Proposed Regulations Add Tax Bite To Family Transfers


Scott Cress, CPA, CVA, CM&AA at Barnes Dennig CPAs

In early August 2016, the IRS released proposed regulations regarding the valuation of interests in family-controlled entities. Specifically, the Proposed “2704” Regulations focus on the elimination of most discounts when ownership interests are transferred between family members when a majority interest is held inside the family. If adopted in their current form, they only apply to transfers made at least 30 days after the restrictions become final. Huge opposition has been mounted and the Treasury has received thousands of pages of comments for a December 1st hearing that is only scheduled to last two hours. As of the time of this writing, it is the consensus of most experts that the form they end up taking will be substantially different and the timing of implementation is uncertain.

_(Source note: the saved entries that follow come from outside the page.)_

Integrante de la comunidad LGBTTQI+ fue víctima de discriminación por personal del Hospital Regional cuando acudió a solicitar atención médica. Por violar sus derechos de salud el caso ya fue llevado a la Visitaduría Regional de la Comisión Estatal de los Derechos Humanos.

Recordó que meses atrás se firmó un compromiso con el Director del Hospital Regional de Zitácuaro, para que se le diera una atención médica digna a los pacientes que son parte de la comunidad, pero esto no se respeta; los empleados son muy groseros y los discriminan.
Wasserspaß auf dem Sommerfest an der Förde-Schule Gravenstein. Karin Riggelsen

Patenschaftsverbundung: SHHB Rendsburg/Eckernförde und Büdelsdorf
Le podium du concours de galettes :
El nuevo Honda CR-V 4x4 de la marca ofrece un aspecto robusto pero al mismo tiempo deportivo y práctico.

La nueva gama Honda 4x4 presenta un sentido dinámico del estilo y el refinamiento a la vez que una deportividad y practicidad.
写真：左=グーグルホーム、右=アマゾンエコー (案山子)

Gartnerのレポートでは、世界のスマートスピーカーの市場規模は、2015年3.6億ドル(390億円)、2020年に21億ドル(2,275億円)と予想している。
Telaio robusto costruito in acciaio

By way of background, valuations of interests in corporations and partnerships for estate, gift, and generation-skipping transfer tax purposes can currently be discounted for minority ownership, lack of marketability, and lack of control. This allows a taxpayer to transfer family owned entities to the next generation at a discount from what the underlying value is. The new rules would eliminate the lack of control discount and suppress the lack of marketability discounts that are typically available.

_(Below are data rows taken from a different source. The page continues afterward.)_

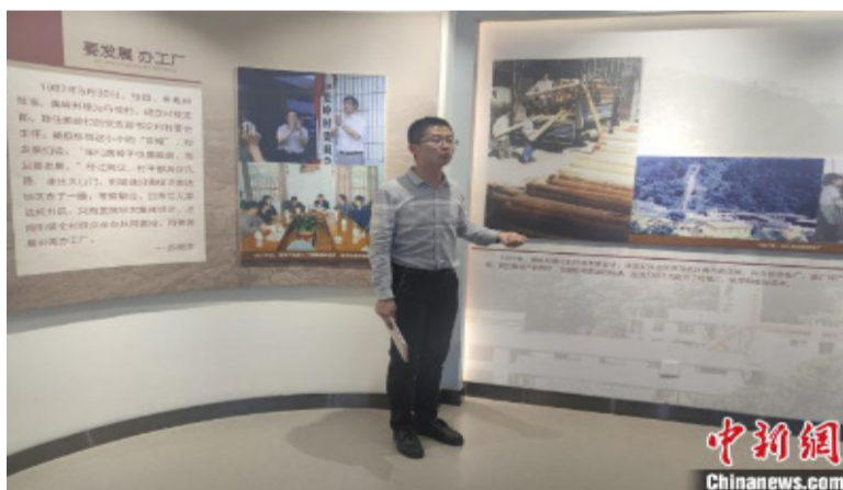
美岭中学教师介绍美岭村创业史。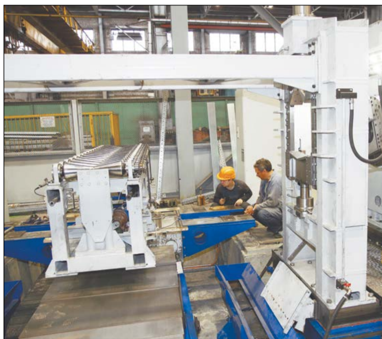
Для нового станка фаски – не проблема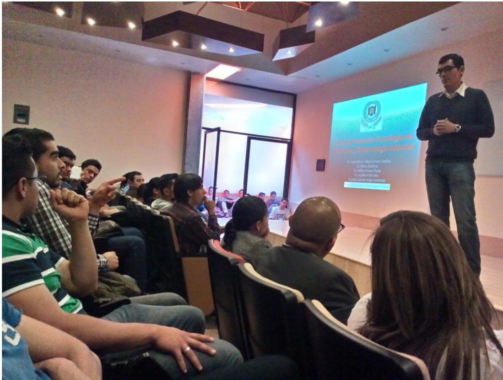
Ilustración 5: Conferencia Biolixiviación en la UAZ.

asociados y perspectivas” y “Biotecnología de minerales - Biolixiviación”, en la Universidad Autónoma de Zacatecas - Unidad Ciencias de la Tierra y la Universidad Politécnica de Zacatecas., se contó con la participación de 222 alumnos de las carreras de Ingeniería en Biotecnología e Ingeniería Minero Metalurgista, cumpliendo así el objetivo de contribuir al desarrollo científico, tecnológico y de innovación, propiciando acciones que facilitan la adquisición de habilidades de indagación expresión y comunicación, que permitan el descubrimiento y apropiación tanto de valores como de principios y metodologías brindando un espacio para el perfeccionamiento y profundización de saber.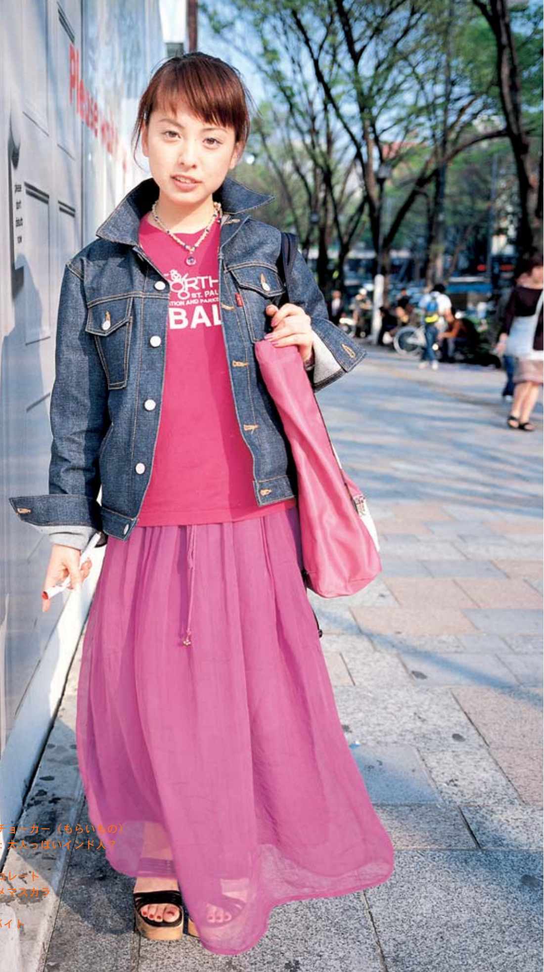
上着：X girl Tシャツ：古着 スカート：古着 シューズ：モードカオリ アクセサリー：ヘンプのチョーカー（もらいもの） ファッションのポイント：太っぴいインド人？ 美容室：369 今ハマっている事：チョコレート オススメ：アナスイのラメマスカラ 好きな音楽：ハウス ゆきん子（19才）、アルバイト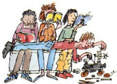
1. Le droit de ne pas lire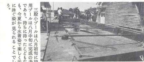
完成近い三股小プール

夏は、子どもたちが肌を麦いろにそめ、水しぶきをあげて時のたつとも忘れるほどに、はしゃぐ姿は健康で、スポーツの中で水泳が、最も魅力あるスポーツのようです。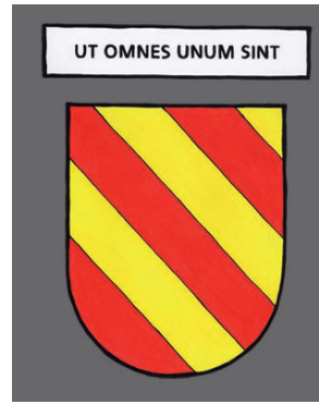
Le Plantay - Que tous soient un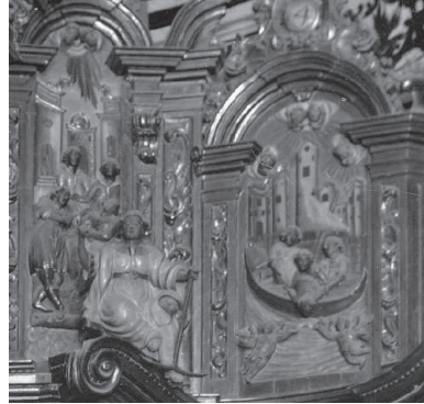
Fig. 9. Sanament de Sant Feliu i llançament al mar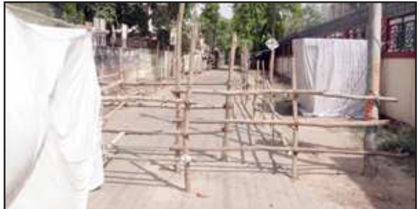
कलेक्ट्रेट परिसर में की गई बैरिकेटिंग।

प्रतापगढ़। प्रतापगढ़ संसदीय क्षेत्र में 25 मई को मतदान होना है, इसके लिये नामांकन 29 अप्रैल से शुरू हो जाएगा। नामांकन के लिये कलेक्ट्रेट में बैरिकेटिंग की गई है और नामांकन की सभी तैयारी पूरी कर ली गई है। बैरिकेटिंग के क्षेत्र में आवागमन पर प्रतिबंध रहेगा। केवल नामांकन करने वाले और उनके प्रस्तावक ही अंदर जा सकेंगे। नामांकन शुरू होने से पहले भाजपा, समाजवादी पार्टी, पीडीएम पार्टी के प्रत्याशी घोषित हो गये हैं। अभी बसपा की औपचारिक घोषणा होना बाकी है। भाजपा से सांसद

We believe the main points of the proposed regulations are as follows:

  • Transfers within three year rule (“deemed death bed planning”) – The proposed regulations have added a bright line test for lapsing rights. If transfers within three years of death result in a lapse of a liquidation right for the transferor, the transferred shares will be included in the transferor’s gross estate for Federal estate tax purposes. Per the IRS, this bright line test will avoid the fact-intensive inquiry which both the IRS and the taxpayer must go through to determine a donor’s subjective motive.

We personally believe that this is a gross over-reach by the IRS.  Three years is a long time, and a company’s strategic plan may be updated several times within that time-frame.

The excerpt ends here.